Quick Turmeric Vegetables

This recipe is part of The Simply Nourishing Recipe Collection. It makes for a quick mid-week dinner, the perfect side dish and a great base for many other scrumptious recipe ideas – make it your own.

On Monday night I came home feeling famished and in need of a quick meal so that I could sit down to the latest episode of Game Of Thrones. Having seen so many recipes with turmeric lately, I was inspired to make my own and this was what I came up with. It was simple and delicious. If you want to know how to use turmeric powder in cooking, this recipe article is a great way to start learning.

The specs

  • This recipe is: gluten-free, dairy-free, sugar-free and Paleo-friendly.
  • Time to make: 15 minutes.
  • Serves: 1 person
  • If you want to get creative: Add fresh kale, spinach or cauliflower to make a bigger batch. Onion, garlic and chilli flakes would also make great additions to this recipe – I’d add these after the pumpkin and before the broccoli and corn.
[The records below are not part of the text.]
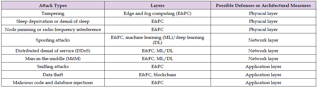 Table 2: Classification of Attack Types, the Layer Targeted by an Attack, and Possible Defenses or Architectural Measures in an Urban IoT Network.
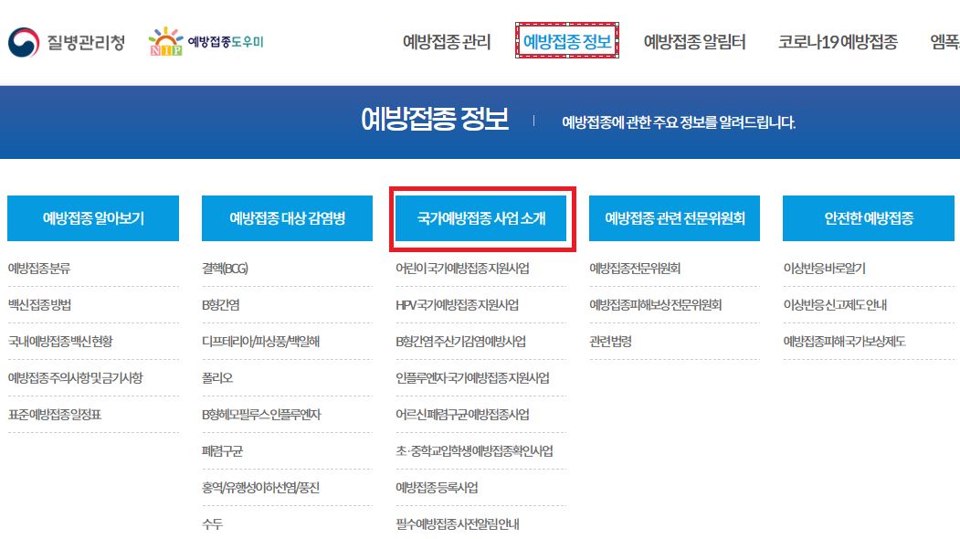메인화면 -> 상단의 예방접종 정보 클릭-> 국가예방접종 사업 소개
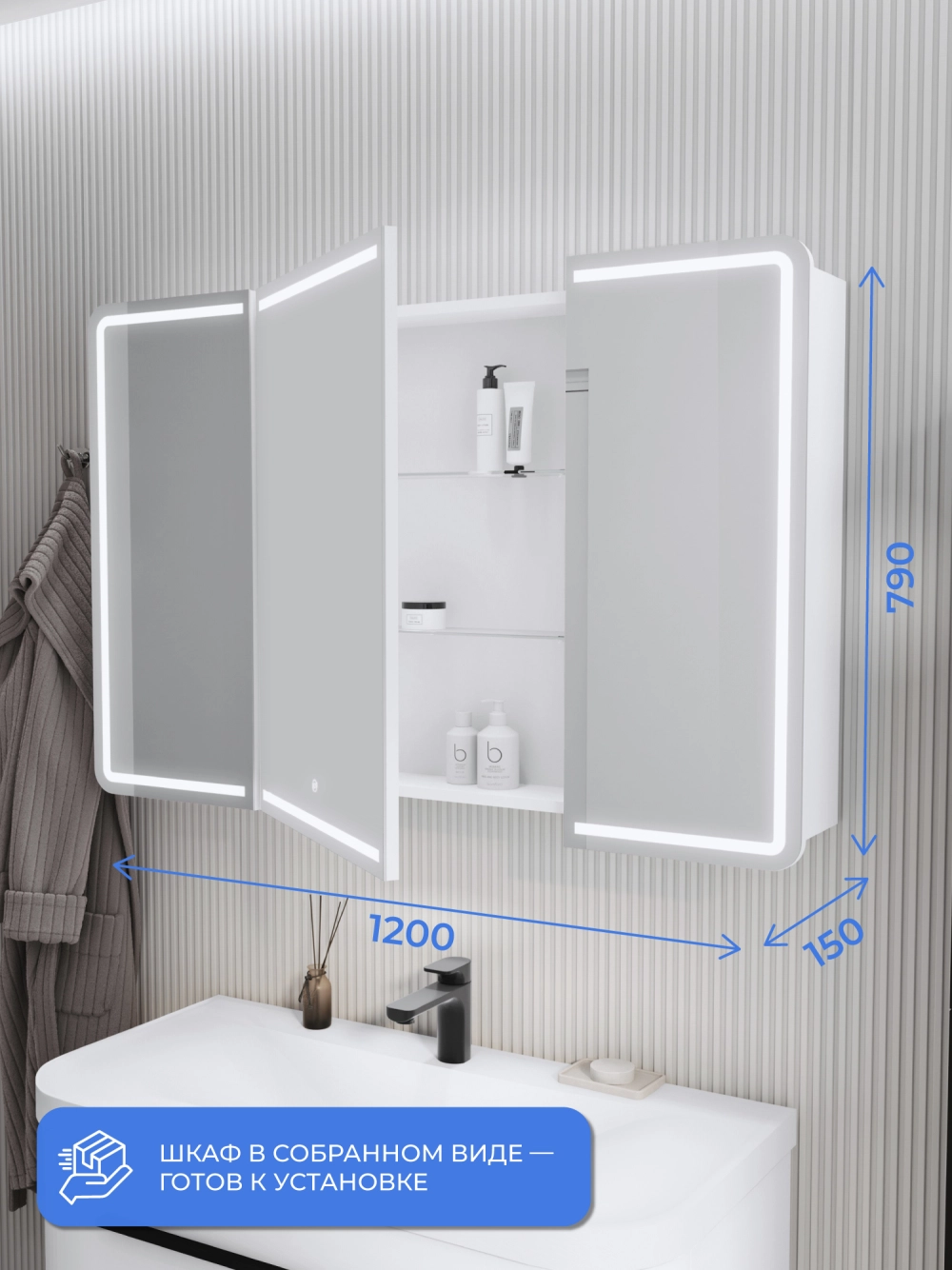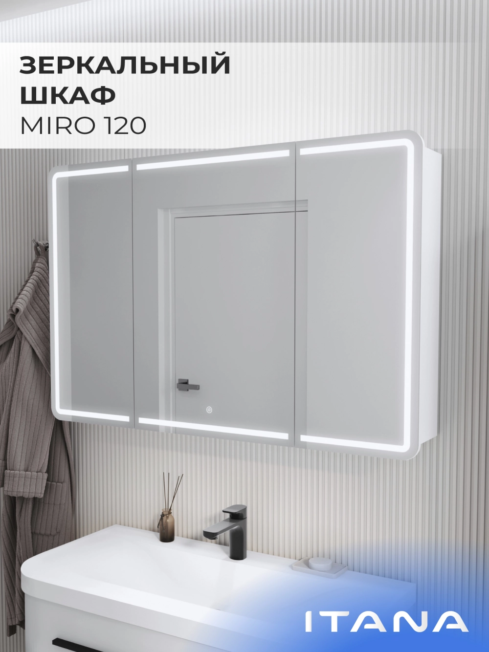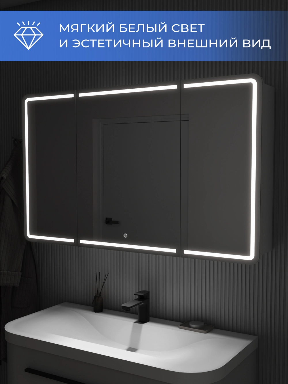 Зеркальный шкаф с подсветкой Итана Miro 120 трехдверный Белый
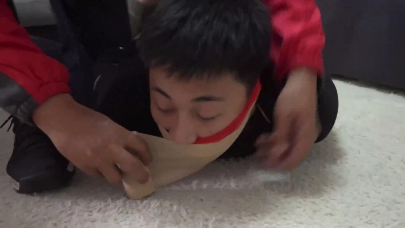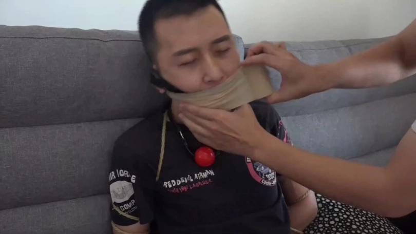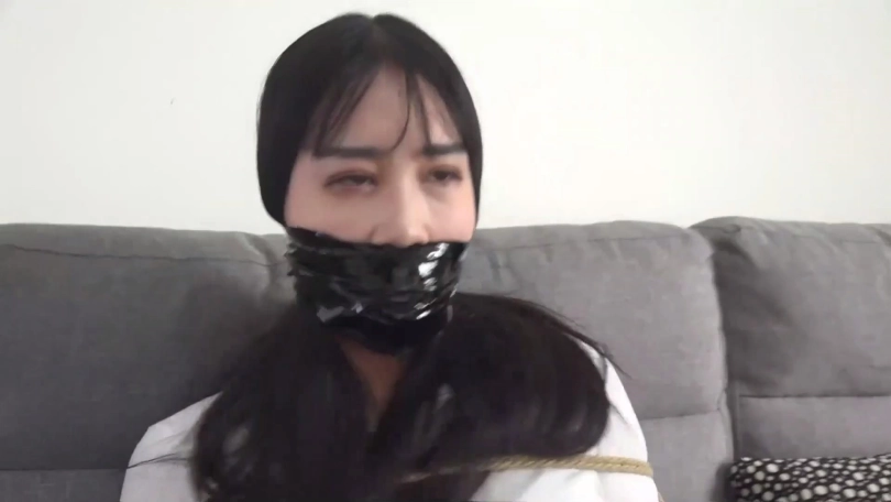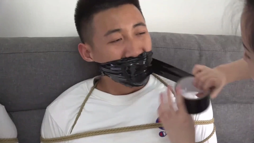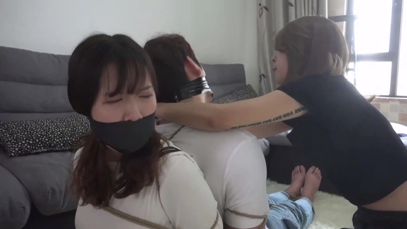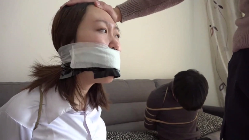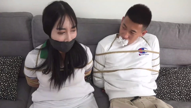 片段2:美女文冰下班回家被入室歹徒捂嘴劫持,被迫脱掉穿的原味肉色连裤丝袜塞男朋友嘴里,被捆绑后歹徒很恶趣味用文冰男友脚上穿的原味黑色棉袜塞她嘴里,再用黑胶布封嘴,情侣二人互相抱怨试着解绳子反被歹徒发现,不仅捆成驷马还被用红色胶带与肉色自粘绷带来回缠绕多圈封嘴。(PS:有一段没有声音,工作室做后期时没做好)
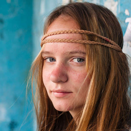 Close-up portrait of young sweet girl hippie outdoor (Woodstock concept)
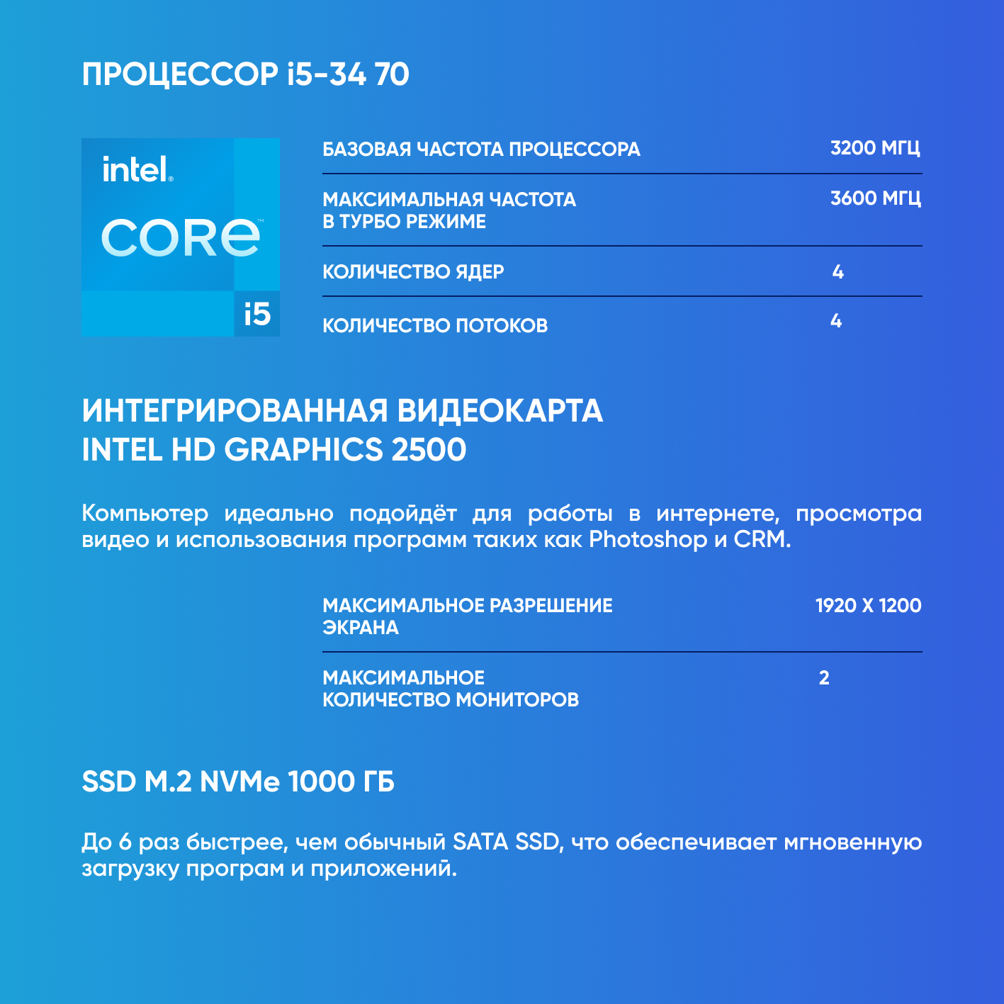 СохранитьСистемный блок Компьютер офисный ПК (Intel Core i5-3470 (3.2 ГГц), RAM 16 ГБ, SSD 1000 ГБ, Windows 10), черный матовый интересное:
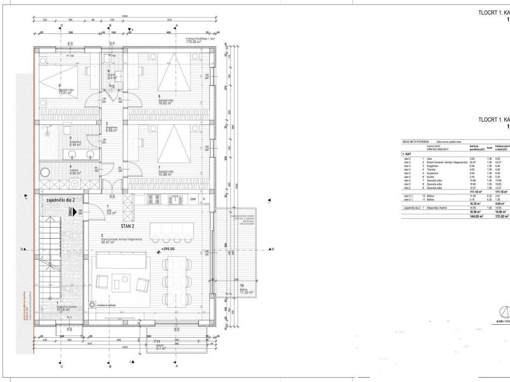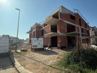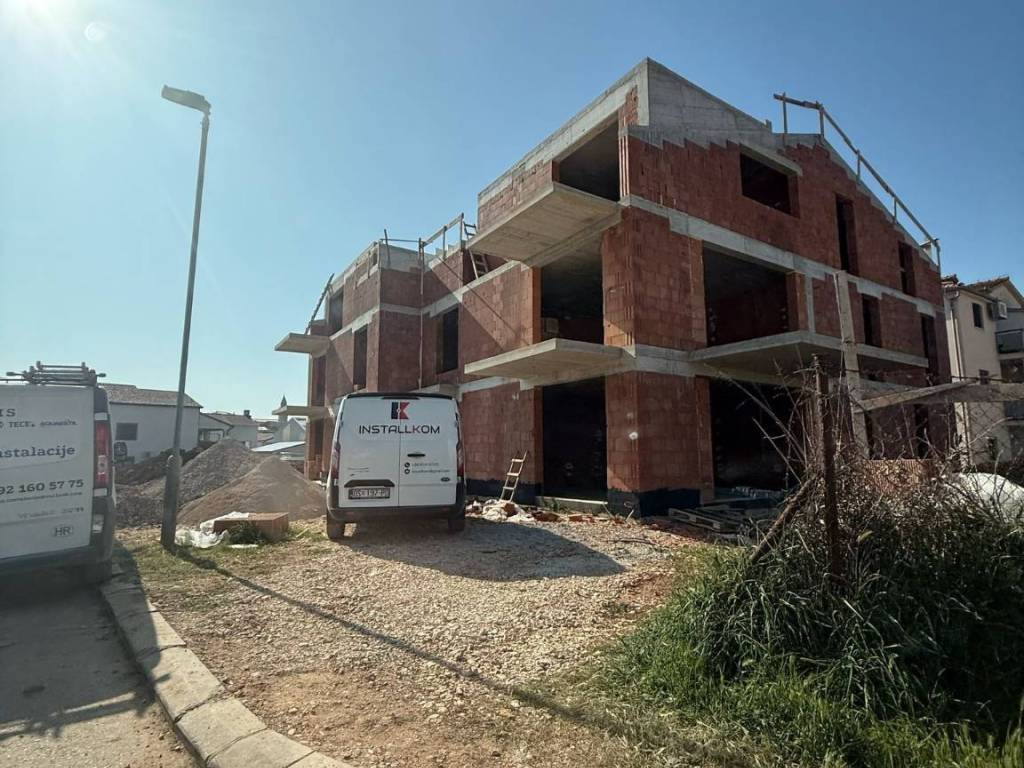 Apartment under construction for sale, Vrsar area, only 700 m from the sea and beach, 111.18 m2 with 4.09 m2 terrace on the 1st floor of a building with 6 apartments.The apartment consists of a hallway, kitchen with dining area and living room, three bedrooms, bathroom, guest toilet, technical room and two terraces.
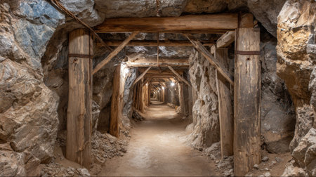 weathered wooden beams supporting mine tunnel, created with generative ai
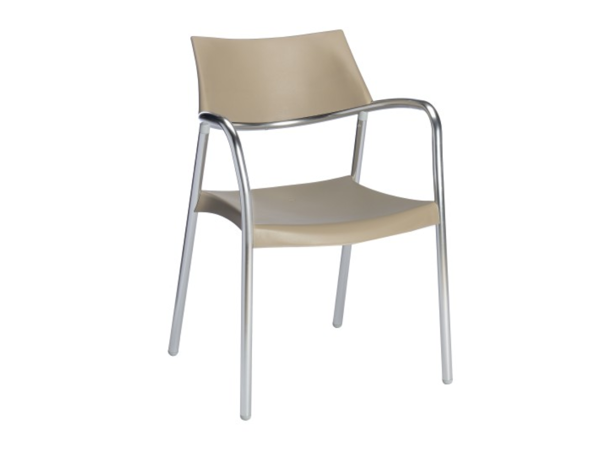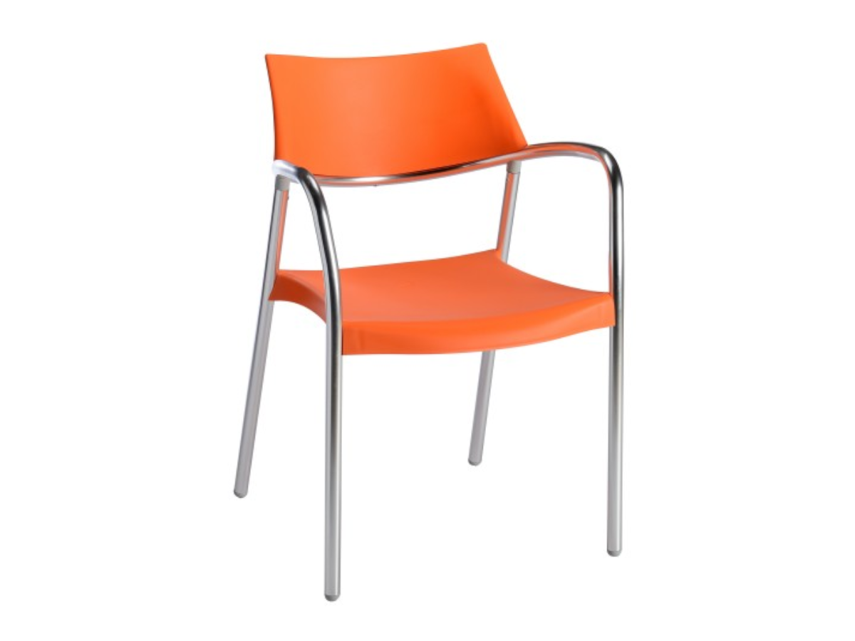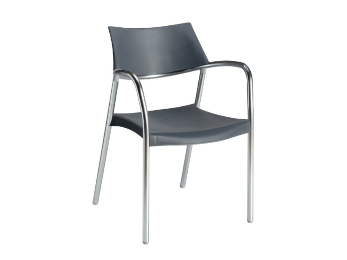 Silla con brazos para uso interior y exterior. Asiento inyectado en polipropileno, con patas y brazos de tubo de aluminio anodizado.

I imagine ready-to-go chickpeas and/or quinoa (or your favourite rice) would work well added this dish to increase the protein, keeping you fuller for longer and not craving a sugary dessert – I’d add these when you add the ghee and turmeric. Topping this meal with a dollop of natural yogurt and sprinkle of coriander would also be super delish!
  • If you want something more simple: For a simple turmeric recipe, simply roast chickpeas and cauliflower in ghee and turmeric for 45 minutes to an hour.
  • Tips:
    • Place lid on pan during cooking to cook faster.
    • Keep the pumpkin skin on and cook the broccoli stalk too – these are parts nutritious!
    • Make roasted turmeric pumpkin seeds for a simple nourishing snack later in the week – here’s how: Simply toss the pumpkin seeds in a bowl with a bit of organic, grass-fed butter or ghee, a pinch of turmeric and/or paprika and salt. Spread seeds across a tray lined with a sheet of baking paper, and roast for about 45 minutes or until golden brown – stir occasionally. Pumpkin seeds are a source of iron, zinc and the health promoting amino acid ‘tryptophan’ which is the building block of serotonin, which helps you sleep!
  • Nutrition:
    • Pumpkin is a source of anti-oxidant vitamins such as vitamin A, C and E – good for your skin and eye sight. It also contains minerals such as calcium and potassium.
    • Ghee is a source of medium-chain fatty acids that help to maintain your immune system and energy levels, plus your gut, heart and eye health.
    • Turmeric is an anti-inflammatory antioxidant that’s great for a variety of reasons. It’s super power is it’s ability to help ward off cell-damaging free radicals, strengthening your immune system, digestion, bone health and more.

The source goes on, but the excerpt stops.